No. 911 - George Town - "All Saints' George Town"

George Town is one of the oldest towns in Australia and is the second oldest town in Tasmania. It is therefore surprising that many of the town’s churches were only established after World War Two. The Anglicans and Methodists had an early presence but Catholic and Presbyterian churches were only established in the 1950s and other religious denominations arrived after the 1970s. The establishment of Launceston as the administrative centre of the North in the early years of the colony meant that George Town was destined to remain a backwater until more recent times.
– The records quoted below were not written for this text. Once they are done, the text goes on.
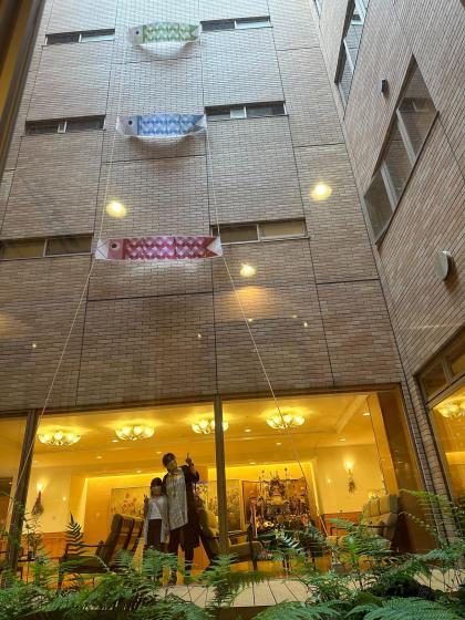 風が強く音がかなり共鳴してしまい、泣く泣くの数日限定ではあったのですが、各フロアのエレベーター前の窓から眺めることが出来、また各階からの見え方も違い、ひと味違った鯉のぼりとなりました。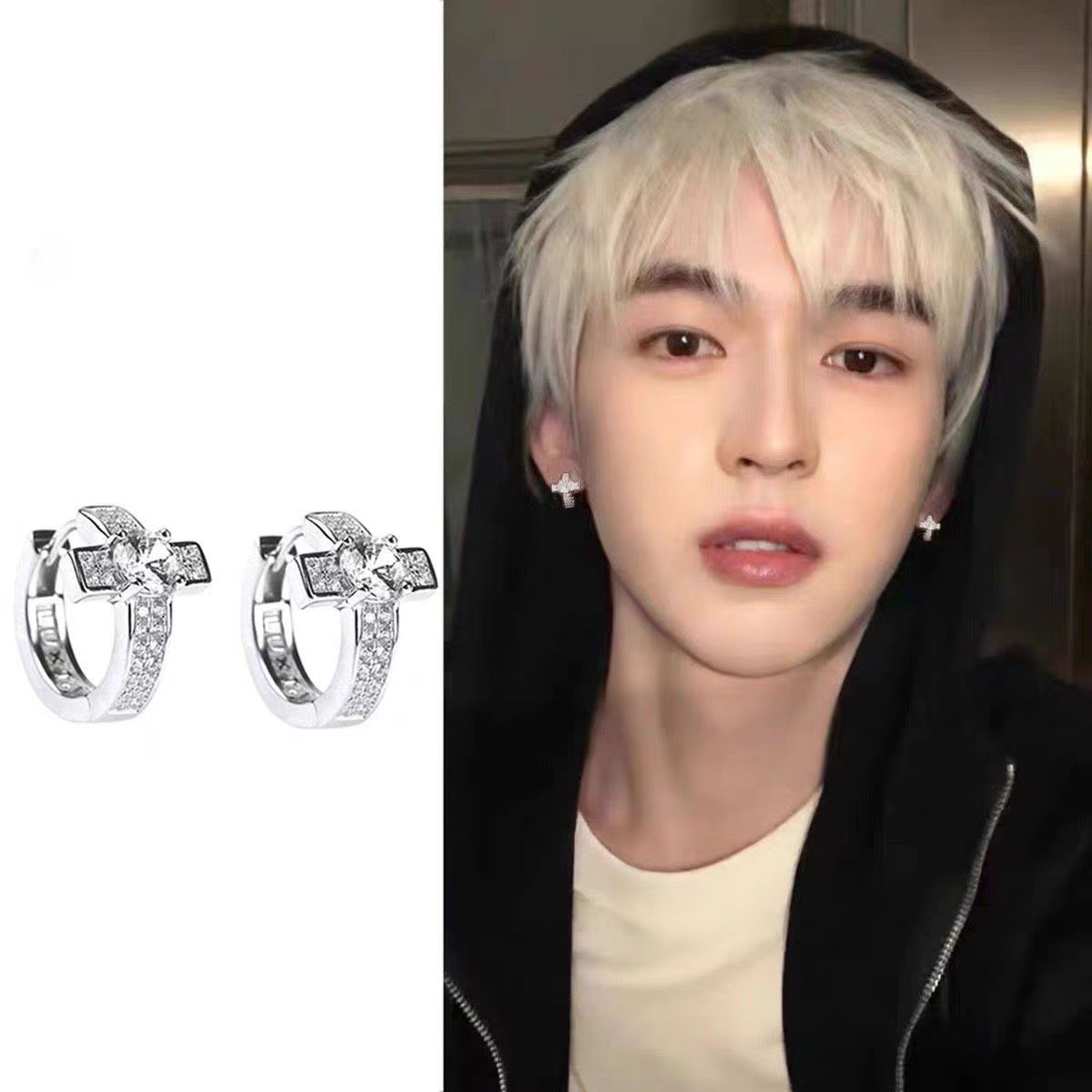 Cross Earrings Men's Trendy Zircon Earrings Ins Niche Micro-studded Hip-hop Men's High-end Elegant Couple Earrings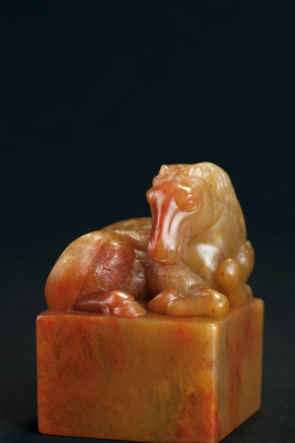A Shoushan stone seal with a horse knob, Qing Dynasty Kangxi Emperor, sold for 20,700,000 yuan at the China Guardian 2014 Spring Auctions. [Photo/ english.cguardian.com]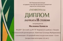 XIII Поволжском конкурсе эстрадного мастерства детских и юношеских творческих коллективов были награждены Дипломом лауреата второй степени музыкальный руководитель Ахметова Гульнара Мубараковна и воспитанница подготовительной группы Малкина Камила в номинации "Эстрадный вокал на русском языке - Соло".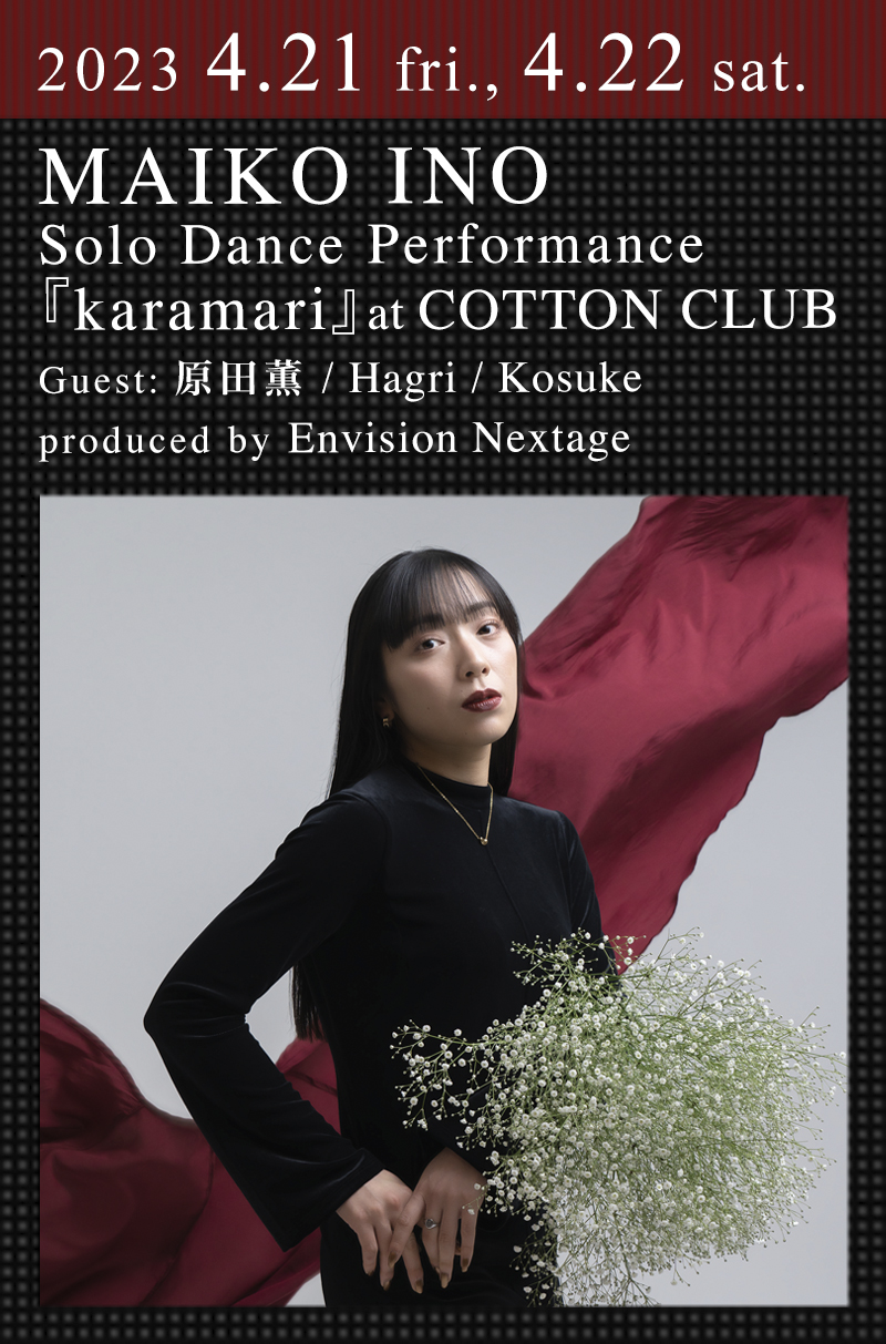 舞台・モデル・芝居と表現の媒体問わず多岐に渡り活躍。King Gnu、TK From 凛として時雨等、様々なアーティストのMVや舞台でも知られるダンサー・振付師いのまいこが、自身初となる単独公演をコットンクラブで開催する。ゲストには日本を代表するジャズダンサー・女優・振付家の原田薫、独特なセンスと多様な表現力の持ち主でチーム"KEMURI"にも所属するHagri、米津玄師、星野源、Superfly等、様々なアーティストのMVやLIVE、ブランドのコラボレーションイベント等でも活躍するKosukeが参加。根強いバレエスキルと繊細かつダイナミックな表現に定評のあるいのまいこと豪華ダンサーが繰り広げる、唯一無二のダンス・エンターテインメント・ショーを見逃すわけにはいかない。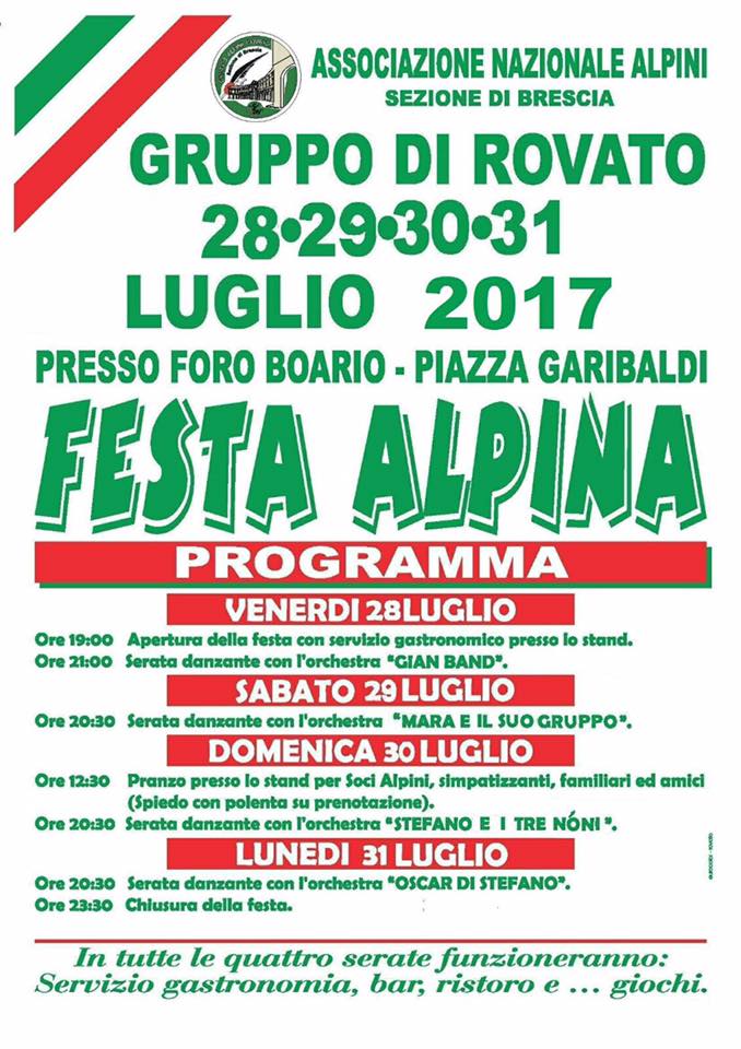 Questo fine settimana a Rovato c’è la festa degli alpini. La festa delle penne nere si è aperta venerdì 28 e proseguirà fino a lunedì 31 luglio. Ricco stand gastronomico e sarete danzanti con orchestra. Il programma prevede per venerdì l’orchestra Gian Band, per sabato l’orchestra “Mara e il suo gruppo”, per domenica, per domenica “Stefano e i tre nòni” e per lunedì Oscar di Stefano. La festa, ovviamente, sarà caratterizzata anche dagli stand enogastronomici e dal pranzo conviviale della domenica (spiedo con polenta su prenotazione).

The construction of an aluminium smelter at nearby Bell Bay in the 1950s as well as the development of industry south of the town, accelerated George Town’s population growth in the post-war era.

George Town’s Anglican church is a modern, functional and austere building therefore it may be surprising to learn that its origins go back to the first European settlement in northern Tasmania. It is located close to the site where the first Christian service took place in the north of the island. It is also the last of five Anglican churches at George Town.

The present church, which is located on Anne Street, replaced a weatherboard church, St Mary Magdalene, which stood on the same site before it burnt down in 1994. For a period of six years the parish hall was used as a place of worship until a new church was built. The new church was officially reopened in the year 2000 by Bishop Newell.

In recent years the Anglican church has closed many churches across the north of the State with rationalisation and the merger of parishes. Consequently, St Mary Magdalene is now known as “All Saints George Town”, with its congregation being “an integration of previous members of the George Town, Low Head, Piper’s River and Hillwood Anglican churches”.